Los demasiados tigres inquietan mi garganta, como inquieta al pastizal el ozunú, ese temblor en la tierra que antecede desde lejos la fulgurancia de un rayo proyectando el acto de su esencia. Me desnudo los pies, y con la piel del pecho desmesuradamente abierta, me hago un ovillo y, por una vez, sin gritar la sordidez que el mundo me exhibe, intento ese silencio que sólo alcanzo cuando ni a quien amo está a mi lado. Y me caigo, chorreando lágrimas salvajes me caigo en una desesperación y ahogo que ninguno de los que soy siquiera intenta contener, explicar o decir.
Creo en la caída, en la que te raja las rótulas y te rotula el alma con el peso del pasado vuelto cruz midiéndote la espacialidad de los hombros, la dimensión de la cerviz discutiéndole a su deidad posible su imposible irrealidad.

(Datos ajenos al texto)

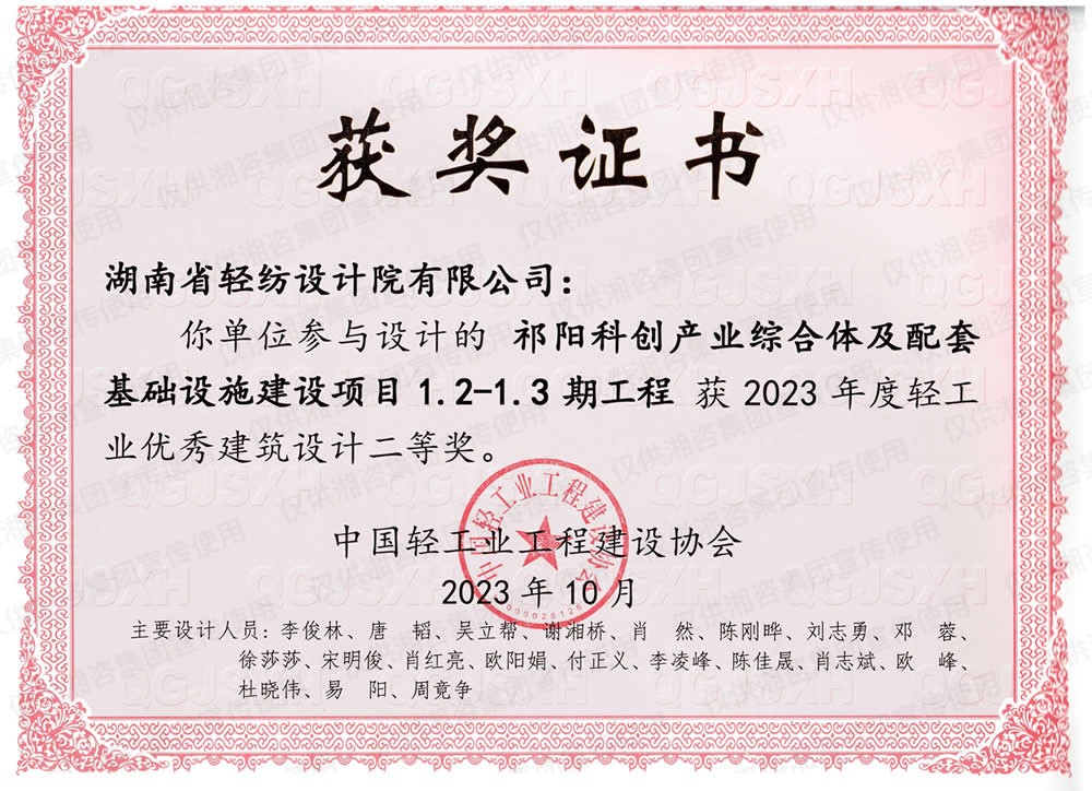 中國(guó)輕工業(yè)工程建設(shè)協(xié)會(huì)優(yōu)秀工程設(shè)計(jì)二等獎(jiǎng)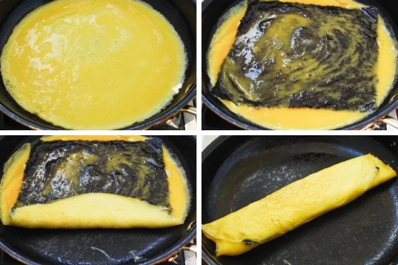 Đầu tiên, bạn đập trứng vào tô rồi thêm muối, tiêu và hành lá, sau đó đánh đều lên. Tiếp theo, bạn cho chảo chống dính lên bếp và cho một ít dầu ăn vào. Đợi dầu nóng thì bạn tráng trứng thành một lớp mỏng trên chảo. Khi mặt trứng hơi se lại, bạn hãy nhẹ nhàng đặt rong biển lên trên. Ở bước này, bạn hãy bắt đầu cuộn trứng lại từ góc ngoài cùng, sau đó chiên thêm 1 phút rồi tắt bếp. Cho trứng ra dĩa, sau đó lấy con dao nhỏ rồi cắt thành từng khoanh vừa ăn.

Creo en la llaga y en la ofensa, en la herida premeditada y, con Ingenieros, en que todo Cristo tiene su Judas. En el amor a la piedra, con Nietzsche, en el número perfecto, según Pareto, y en la rima asonante según el boludo de turno. Creo en todas las cagadas que el mundo puede ofrecerme sin un aviso.

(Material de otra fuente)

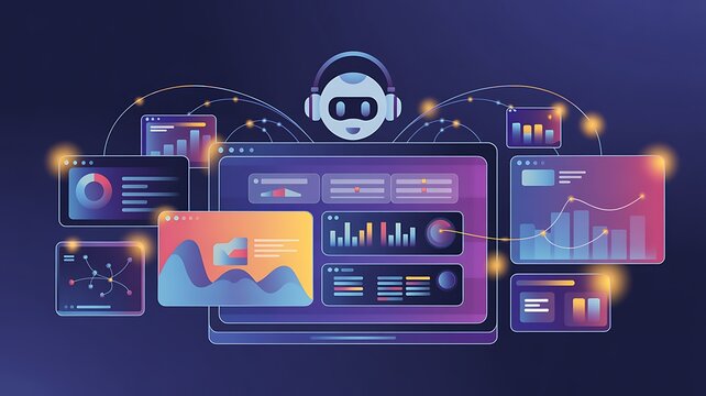 Digital screens present a futuristic interface with various graphs, charts, and information, visualizing complex data and technology concepts for business intelligence and communication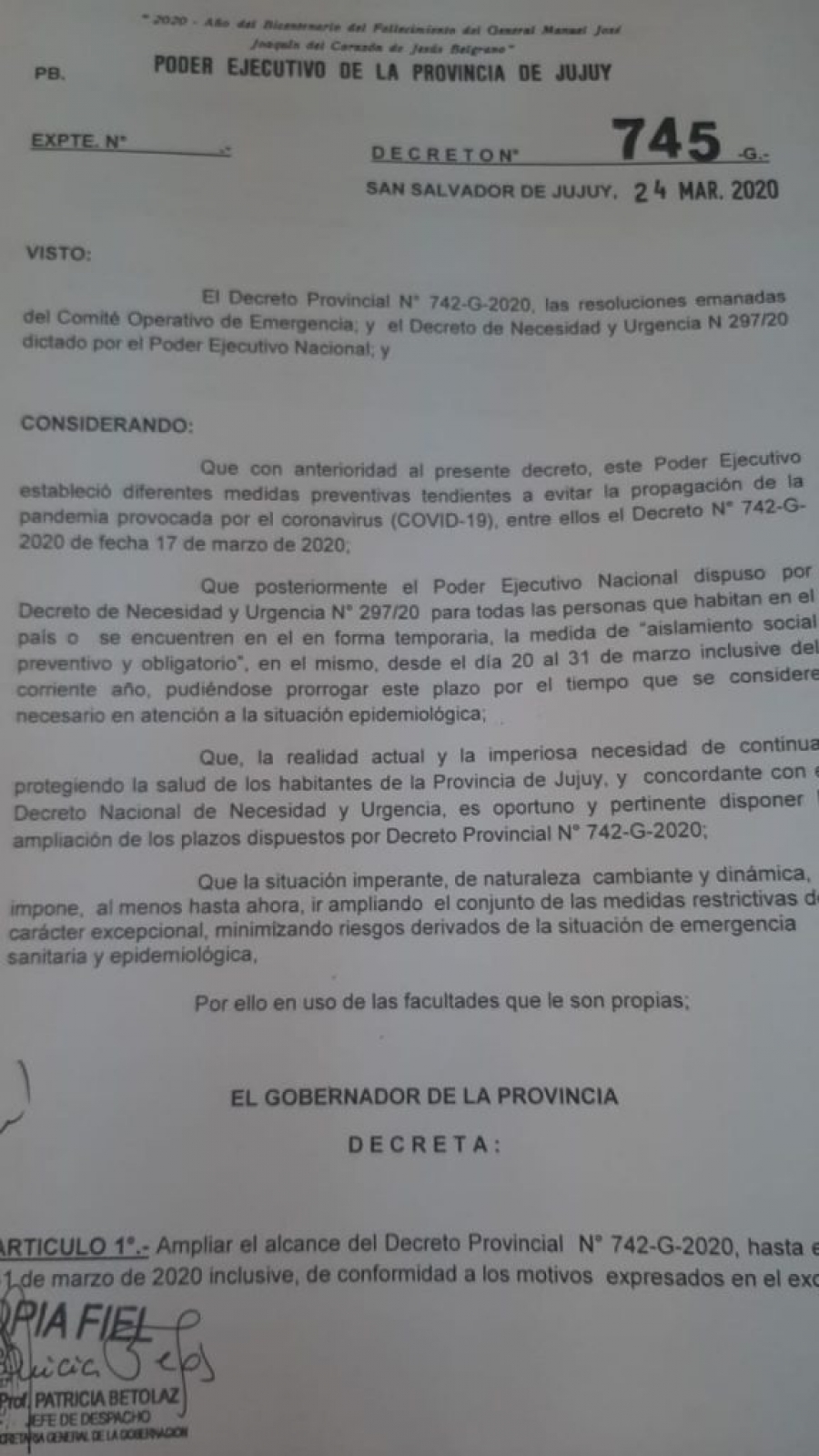 Finalmente, se recuerda que los artículos contemplados dentro del Decreto Provincial N° 742-G-2020 establecen la continuidad de tareas habituales de trabajo o análogas desde el respectivo domicilio o lugar de aislamiento.

Porque cuando te caés ocurre la mano que no esperabas, o la que forjaste. Esa que no puede sino estar ahí, al lado, esa que te estira y que rechazás por incomprensible; esa que te empuja y que despreciás por menor; y hasta la tuya propia, que esquivás porque es la que te sabe por dónde sangra el daño. Por hipertrofia avanzo, en una vanidad inútil. Con la tozudez de los idiotas y la sinceridad que sólo las bestias irremediables de su condición pueden reflejar en sus ojos. Porque soy de mis nombres también su apellido, la cifra que nadie sabe.
También la luz, si aguardo lo suficiente. El toque genial que todo lo explica y burlándose de mis dudas hace pie en lo marchito de lo posible, y por hacerme morder el asco de lo posible, por esa mi cara asumiendo el horror de lo sabido, me toca los nudillos goteando los huecos del mundo, sopesando cuánta furia se necesita para una calma que dictaminaron imposible los que no anduvieron la vereda del hastío y de la decepción más temprana, y que hacen del paciente carne para el suicidio, o al menos su intento una tarde de sábado sin nadie cerca.
Todo va a salir bien, Truman. Sé que todo va a salir bien. Sé que todo siempre tiene una explicación. Sé, también y por ejemplo, que no tendré que explicar todo esto que digo, Juliet. Así que llamá a tu nodriza, sabe más que tu vieja, que tu mamá, que tu madre. Es hora de despedirse de las gentes. Que una cosa es Romeo con Mercutio, y muy otra sin su música favorita. Juliet, ¿cómo soportas que un hombre llore? ¿Por qué mi dependencia, tan abierta? ¿Por qué viéndola no la miro? ¿Por qué sigue mirándome eso que he vencido solo?